In Week 3 of the 2025 season, McCaffrey caught three passes for 56 receiving yards and scored his first career touchdown in the 41–24 victory over the Las Vegas Raiders. The following week against the Atlanta Falcons, he had two receptions for 21 yards and a touchdown in the loss while returning six kickoffs for 199 yards. In Week 6 against the Chicago Bears, he caught a 33-yard touchdown pass and returned four kickoffs for 127 yards in the loss.
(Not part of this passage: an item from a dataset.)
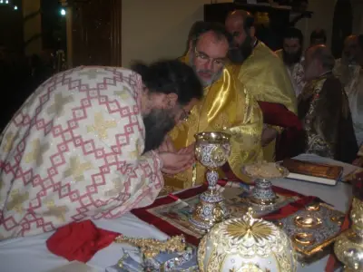 Κατά το Μέγα Αρχιερατικό Εσπερινό χοροστάτησε ο Σεβασμιώτατος Μητροπολίτης Κώου και Νισύρου κ. Ναθαναήλ συμπαραστατούμενος από τον ηγούμενο της Ιεράς Μονής Ιβήρων Πανοσιολογιώτατο Αρχιμανδρίτη Ναθαναήλ, τον Πρωτοσύγκελο της Μητροπόλεώς μας Πανοσιολογιώτατο Αρχιμανδρίτη Χρυσόστομο Πίτση, το Γενικό Αρχιερατικό Επίτροπο Πρωτοπρεσβύτερο Ιωάννη Διακοπαναγιώτη, ο οποίος εόρτασε και τα 42 χρονιά συνεχούς διακονίας στην άμπελο του Κυρίου μας, και τους ιερείς της πόλεως της Κω. Τους ύμνους της εορτής απέδωσαν κατανυκτικά οι ιεροψάλτες του μουσικού συνδέσμου ιεροψαλτών Κω «ο Άγιος Ιωάννης ο Ναύκληρος» υπό την διεύθυνση του καθηγητού και πρωτοψάλτου κ. Γεωργίου Σακέλλη.

The following week against the Dallas Cowboys, he recorded a career-high eight kickoff returns for 209 yards in the loss. On November 4, 2025, he was placed on injured reserve after suffering a broken collarbone on the opening drive of the team's Week 9 game against the Seattle Seahawks. On the season, he appeared in nine games, recording 11 receptions for 203 yards and three touchdowns. On special teams, he returned 26 kickoffs for 769 yards and made five tackles.

==Career statistics==
===NFL===

NFL statistics
| Year | Team | Games |  | Receiving |  |  |  |  | Kick returns |  |  |  |  | Fumbles |  |
| GP | GS | Rec | Yds | Avg | Lng | TD | Ret | Yds | Avg | Lng | TD | Fum | Lost |
| 2024 | WAS | 17 | 4 | 18 | 168 | 9.3 | 30 | 0 | 10 | 299 | 29.9 | 47 | 0 | 0 | 0 |
| 2025 | WAS | 9 | 0 | 11 | 203 | 18.5 | 50 | 3 | 26 | 769 | 29.6 | 58 | 0 | 0 | 0 |
| Career |  | 26 | 4 | 29 | 371 | 12.8 | 50 | 3 | 36 | 1,068 | 29.7 | 58 | 0 | 0 | 0 |

===College===

Season: Team; Games; Passing; Rushing; Receiving
GP: GS; Record; Cmp; Att; Pct; Yds; Y/A; TD; Int; Rtg; Att; Yds; Avg; TD; Rec; Yds; Avg; TD
2019: Nebraska; 4; 0; —; 9; 12; 75.0; 142; 11.8; 2; 0; 229.4; 24; 166; 6.9; 1; 1; 12; 12.0; 0
2020: Nebraska; 7; 2; 1–1; 48; 76; 63.2; 466; 6.1; 1; 6; 103.2; 65; 364; 5.6; 3; 1; 5; 5.0; 0
2021: Rice; 9; 3; 1–2; 31; 62; 50; 313; 5.0; 2; 4; 90.1; 41; 132; 3.2; 2; –; –; –; –
2022: Rice; 11; 10; —; –; –; –; –; –; –; –; –; 12; 148; 12.3; 1; 58; 723; 12.5; 6
2023: Rice; 13; 13; —; 0; 2; 0.0; 0; 0.0; 0; 0; 0.0; 15; 117; 7.8; 0; 71; 992; 14.0; 13
Career: 44; 28; 2–3; 88; 152; 57.9; 921; 6.1; 5; 10; 106.5; 157; 927; 5.9; 7; 131; 1,732; 13.2; 19

==Personal life==
McCaffrey is Catholic. His father, Ed McCaffrey, played wide receiver in the National Football League (NFL) for the New York Giants, San Francisco 49ers, and Denver Broncos and was formerly the head coach for the Northern Colorado Bears football team. His older brother, Christian, currently plays running back in the NFL for the San Francisco 49ers. Another brother, Max, played wide receiver at Duke and in the NFL for several teams and his brother Dylan was the starting quarterback at Northern Colorado after beginning his college career at Michigan. His maternal grandfather, Dave Sime, won a silver medal in the 100 meter at the 1960 Olympic Games.